--- Available data Enclosed Below ---
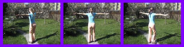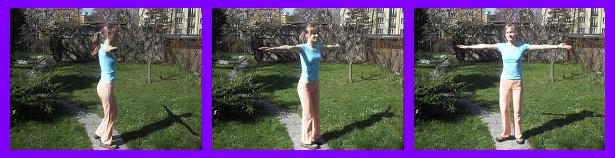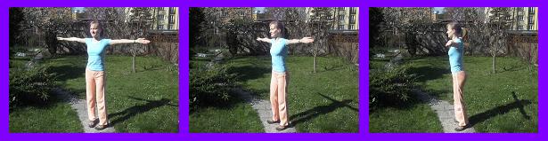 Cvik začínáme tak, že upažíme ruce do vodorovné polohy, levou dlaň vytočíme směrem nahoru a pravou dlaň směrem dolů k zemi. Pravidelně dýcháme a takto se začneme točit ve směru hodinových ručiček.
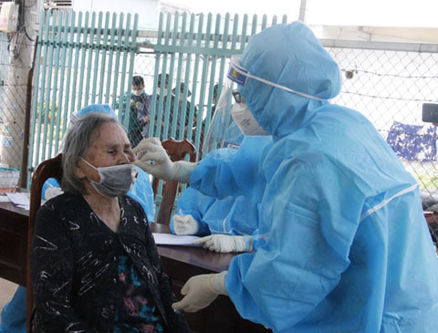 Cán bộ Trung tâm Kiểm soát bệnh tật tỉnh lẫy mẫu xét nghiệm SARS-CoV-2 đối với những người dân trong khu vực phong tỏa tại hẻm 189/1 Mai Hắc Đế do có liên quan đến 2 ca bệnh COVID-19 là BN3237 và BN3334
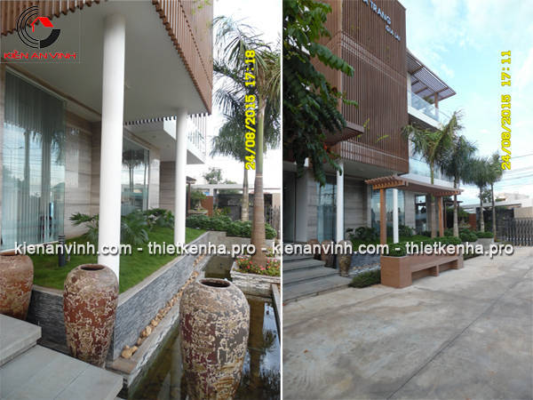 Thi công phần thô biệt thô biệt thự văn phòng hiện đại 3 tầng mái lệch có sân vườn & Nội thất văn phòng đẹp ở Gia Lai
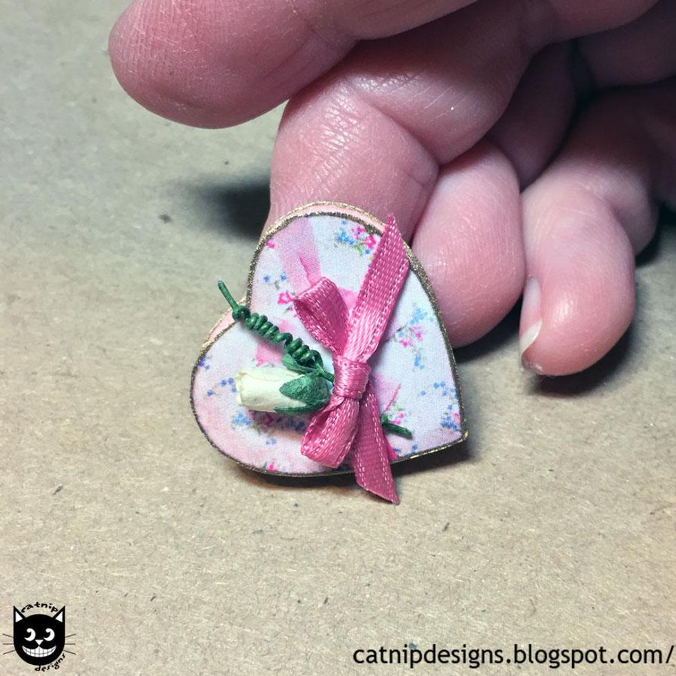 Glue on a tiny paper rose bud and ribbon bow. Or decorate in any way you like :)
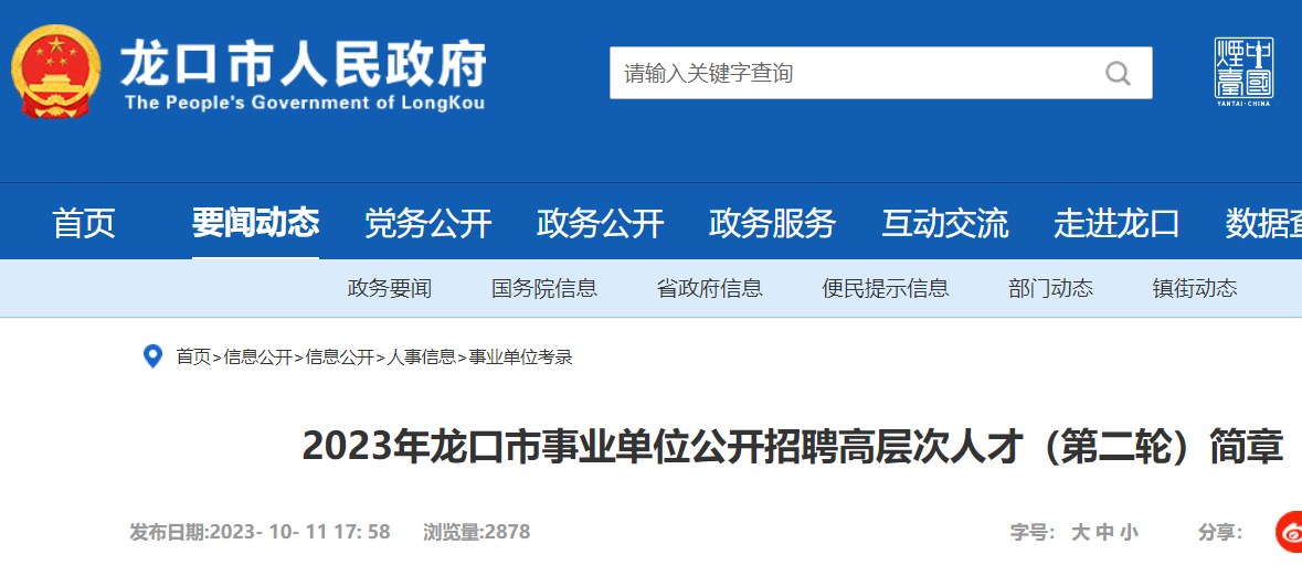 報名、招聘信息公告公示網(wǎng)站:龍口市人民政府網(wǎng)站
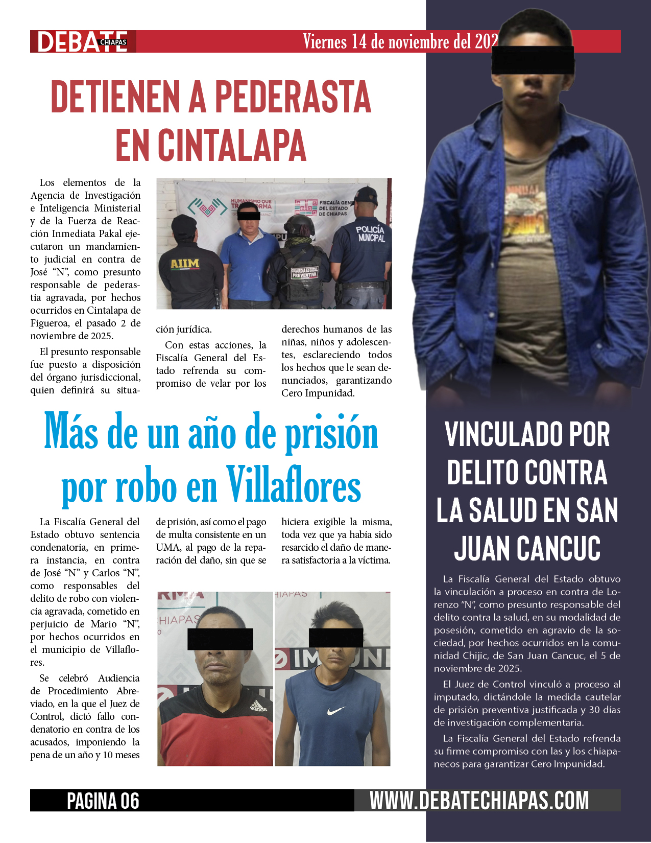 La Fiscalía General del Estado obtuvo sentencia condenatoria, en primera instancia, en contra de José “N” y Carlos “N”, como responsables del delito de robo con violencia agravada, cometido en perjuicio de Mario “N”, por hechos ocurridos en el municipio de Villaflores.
--- End of Enclosed Available data ---
■ Task
If a record contains a picture, leave the picture out and retype everything else exactly.

■ Task result
 Cvik začínáme tak, že upažíme ruce do vodorovné polohy, levou dlaň vytočíme směrem nahoru a pravou dlaň směrem dolů k zemi. Pravidelně dýcháme a takto se začneme točit ve směru hodinových ručiček.
 Cán bộ Trung tâm Kiểm soát bệnh tật tỉnh lẫy mẫu xét nghiệm SARS-CoV-2 đối với những người dân trong khu vực phong tỏa tại hẻm 189/1 Mai Hắc Đế do có liên quan đến 2 ca bệnh COVID-19 là BN3237 và BN3334
 Thi công phần thô biệt thô biệt thự văn phòng hiện đại 3 tầng mái lệch có sân vườn & Nội thất văn phòng đẹp ở Gia Lai
 Glue on a tiny paper rose bud and ribbon bow. Or decorate in any way you like :)
 報名、招聘信息公告公示網(wǎng)站:龍口市人民政府網(wǎng)站
 La Fiscalía General del Estado obtuvo sentencia condenatoria, en primera instancia, en contra de José “N” y Carlos “N”, como responsables del delito de robo con violencia agravada, cometido en perjuicio de Mario “N”, por hechos ocurridos en el municipio de Villaflores.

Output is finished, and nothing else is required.